Prior seizures may have occurred coincidentally in the presence of a light source, or, in conjunction with other precipitating factors known to change the photosensitive threshold, such as sleep deprivation, alertness, attention or emotion. Perhaps they have occurred completely spontaneously in the past, and the patient has simply avoided testing the theory out of fear. A dislike for bright lights might bear no relation to epilepsy at all, and be attributed to ocular discomfort, photophobia, headache or migraine. Visual auras may precede migraines in a similar way to seizures, and patients who may suffer from both adds a layer of complexity to diagnosis (Fisher, et al., 2022; Okudan & Ozkara, 2018),

As I reflect on my EEG practice, I remind myself that I have done all I can to maximise the quality and utility of my recording. Whilst the current literature into the mechanisms of photosensitivity are fascinating, complex, and without consensus, I hope this general overview has been a valuable refresher for my fellow neurophysiology scientists.  

References

Fisher, R. S., Acharya, J. N., Baumer, F. M., French, J. A., Parisi, P., Solodar, J. H., . . . Kasteleijn-Nolst Trenité, D. (2022). Visually sensitive seizures: An updated review by the Epilepsy Foundation. Epilepsia, 63(4), 739-768.

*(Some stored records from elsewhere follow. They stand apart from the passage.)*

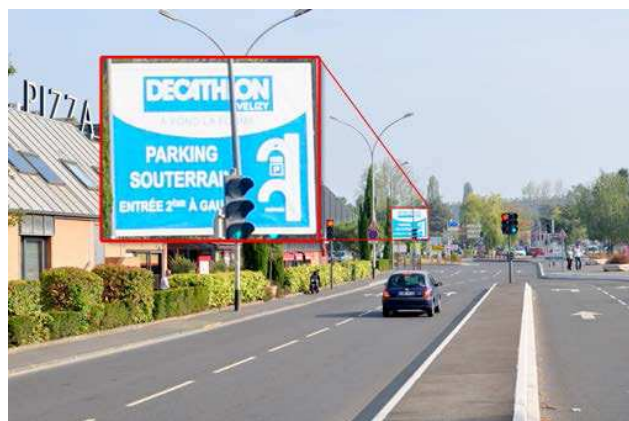
Hikvision Turbo analogová kamera
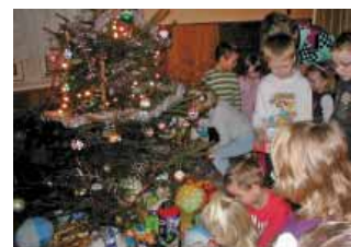
Ježíšek v MŠ
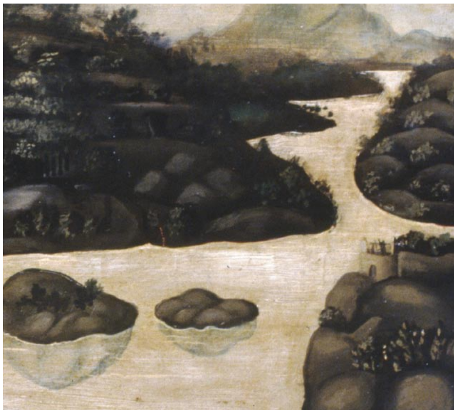
Galgen på Stigberget. Detalj från Vädersolstavlan, oljemålning från 1636 av Jacob Elbfas, kopia av ett försvunnet original från 1535.

tag efter att de bråkat om en gammal ölskuld. Han döms till att mista huvudet. Hustruns bror nekades efter detta att bli ny bödel. Änkan bor kvar i stugan och har två inneboende, en soldat och en kvinna. De lockar vid tre tillfällen in grisar från gatan för att ha till mat. För detta brott döms änkan att packa sig ut ur staden.

Kasteleijn-Nolst Trenité, D., Rubboli, G., Hirsch, E., Martins da Silva, A., Seri, S., Wilkins, A., . . . Harding, G. (2012). Methodology of photic stimulation revisited: Updated European algorithm for visual stimulation in the EEG laboratory. Epilepsia, 51(1), 16-24.

Kasteleijn-Nolst Trenité, D., & Andermann, F. (2015). Epilepsy with reflex seizures. Wyllie's treatment of epilepsy: Principles and practice: Sixth edition.

Martins da Silva, A., & Leal, B. (2017). Photosensitivity and epilepsy: Current concepts and perspectives—A narrative review. Seizure, 50(1), 209-218.

Okudan, Z. V., & Ozkara, C. (2018). Reflex epilepsy: triggers and management strategies. Neuropsychiatr Dis Treat, 14, 327-337.

Peltola, M. E., Leitinger, M., Halford, J. J., Vinayan, K. P., Kobayashi, K., Pressler, R. M., . . . Beniczky, S. (2023). Routine and sleep EEG: Minimum recording standards of the International Federation of Clinical Neurophysiology and the International League Against Epilepsy. Epilepsia, 64(3), 602-618.

Rathore, C., Prakash, S., & Makwana, P. (2020). Prevalence of photoparoxysmal response in patients with epilepsy: Effect of the underlying syndrome and treatment status. Seizure, 82, 39-43.

Waltz, S., Christen, H. J., & Doose, H. (1992). The different patterns of the photoparoxysmal response--a genetic study. Electroencephalogr Clin Neurophysiol, 83(2), 138-145.